Утром нас долго продержали на перекличке под холодным осенним дождем, а когда наконец распустили и я возвращался в блок, меня нагнал незнакомый военнопленный.
— Вы доктор Друян? — шепотом спросил он.
— Да, — ответил я. — В чем дело?
— Идемте.
Вместе со мной он прошел в наш блок и, когда мы остались вдвоем в крохотной боковушке, где делали перевязки, стал торопливо доставать из-за пазухи и выкладывать на топчан медикаменты: марганцовку,
У меня в руках оказалось целое богатство.
— Откуда?! — обрадовавшись, удивился я. — Кто дал?
— Тише… — испугался военнопленный. — Переводчик прислал.
— Софиев! Ну, спасибо.
Теперь уже не было сомнения в том, что Софиев — наш человек. Я поблагодарил незнакомца, спросил:
— Как вас зовут?
— Зачем вам мое имя? — ответил он вопросом на вопрос. — Впрочем… Алексей Манько.
Так я познакомился еще с одним хорошим человеком, ближайшим помощником Софиева.
Алексей Манько стал постоянным связным между нами и Софиевым, а передачи от него мы теперь стали получать довольно часто. Между тем при встречах Александр Софиев делал вид, что не знает меня. Лишь однажды, когда немцев не было поблизости, он едва заметным кивком головы подозвал к себе, тихо спросил:
— Получаете от меня приветы?
— О да! — горячо зашептал я. — Спасибо! Слушайте, как вам удается все это доставать?..
Переводчик сердито оборвал:
— Вы мне больше таких вопросов не задавайте!

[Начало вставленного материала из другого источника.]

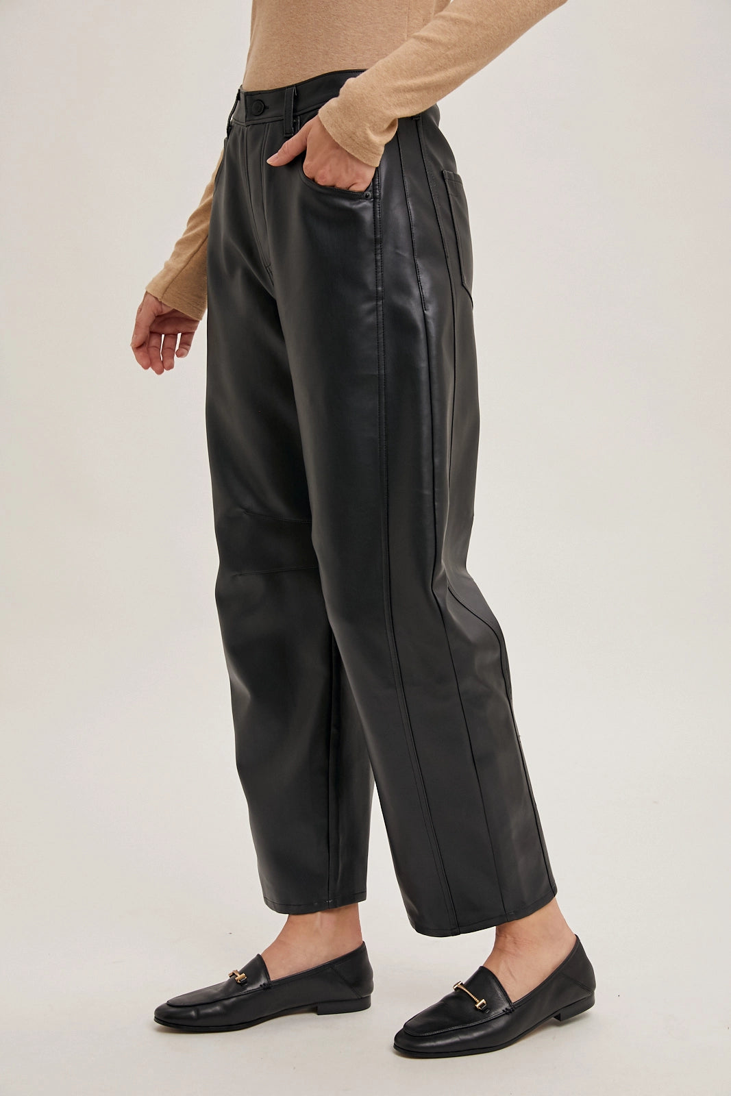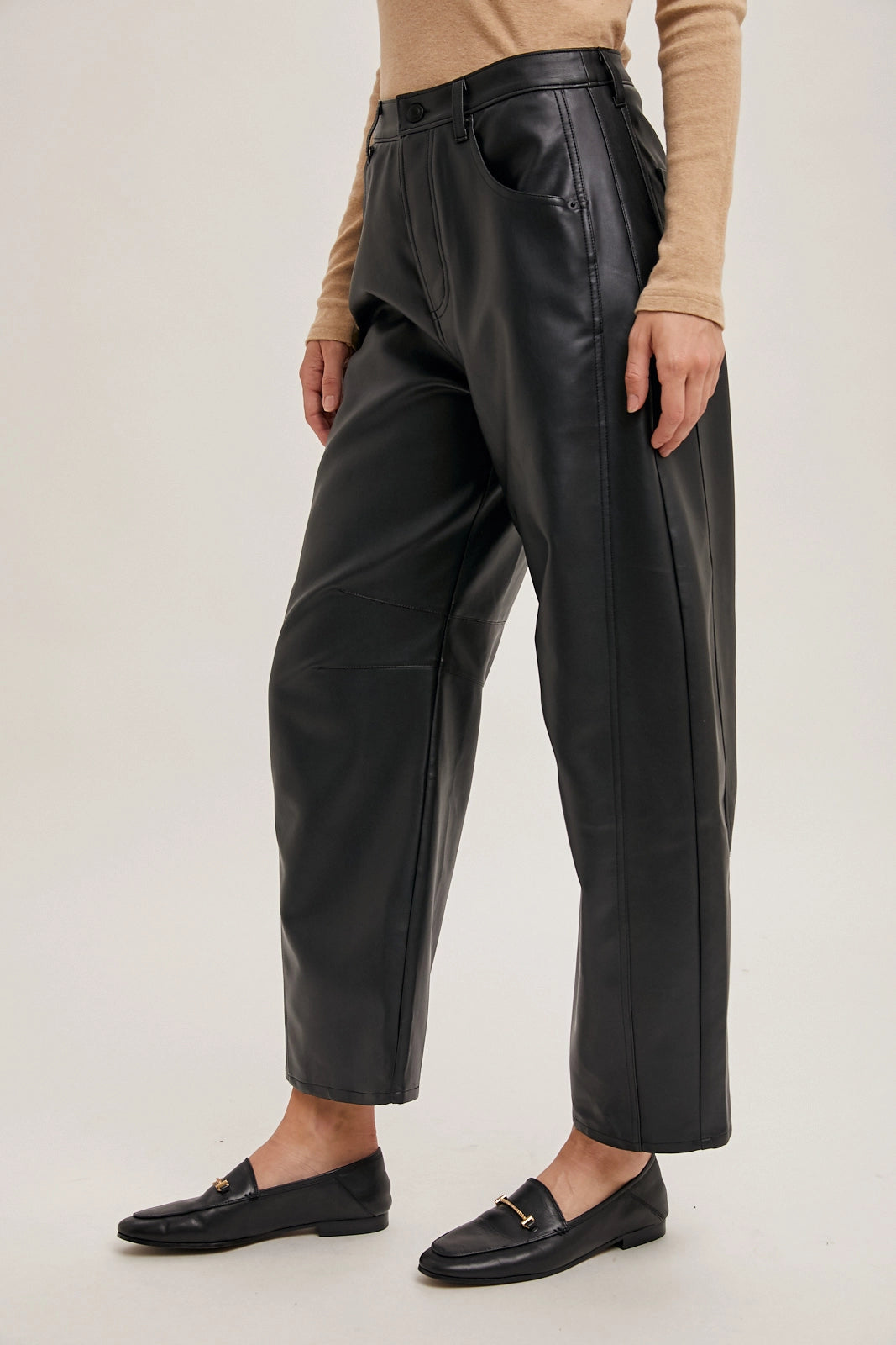 Step up your street style with the Vegan Faux Leather Barrel Pant — cruelty-free, cool, and seriously chic.

Круто повернулся и ушел. Я понял, что спросил лишнее. Вечером я рассказал об этом разговоре Симону. Тот немного подумал, потом начал рассуждать:
— Кажется мне, Софиев — фигура более значительная, чем мы думаем. Он наверняка связан с…
И оборвал себя на полуслове, словно испугался, что и так сказал больше, чем нужно. Опять по обыкновению замкнулся в себе.
Вечером снова появился Манько. Он передал нам очередную партию медикаментов и впервые за все время, как мы были знакомы, задержался в блоке дольше обычного. Мы разговорились, и он поведал свою, так похожую на наши, историю плена.
Война застала Алексея в Калуше Ивано-Франковской области. Здесь 15-й гаубичный полк, в котором он проходил практику как курсант, находился на учениях. На рассвете 22 июня их обстреляли из пулеметов вражеские самолеты. Полк подняли по тревоге, и через несколько дней он уже вел бои с врагом под Бердичевом. Там полк оказался в окружении. Несколько раз пытался прорваться к своим. В одном из таких боев Манько попал в плен. Дальше — путь, который прошли все мы: тяжелые переходы в составе колонны военнопленных, пересыльный лагерь.
Страшно худой, Манько все же резко выделялся среди других военнопленных. У него были пышные каштановые волосы. Несмотря на крайне тяжелые условия плена, он сумел сохранить подвижность, завидную энергию, а главное — непоколебимую уверенность в том, что обязательно вырвется из лагеря.
— Мы еще будем воевать, — говорил он нам. — Еще постреляем гадов.
Манько люто ненавидел фашистов, и не удивительно, что Софиев доверил ему столь опасное дело. Мы хорошо понимали, чем рискуют эти люди. В случае, если бы наша связь раскрылась, их ждал бы неминуемый расстрел.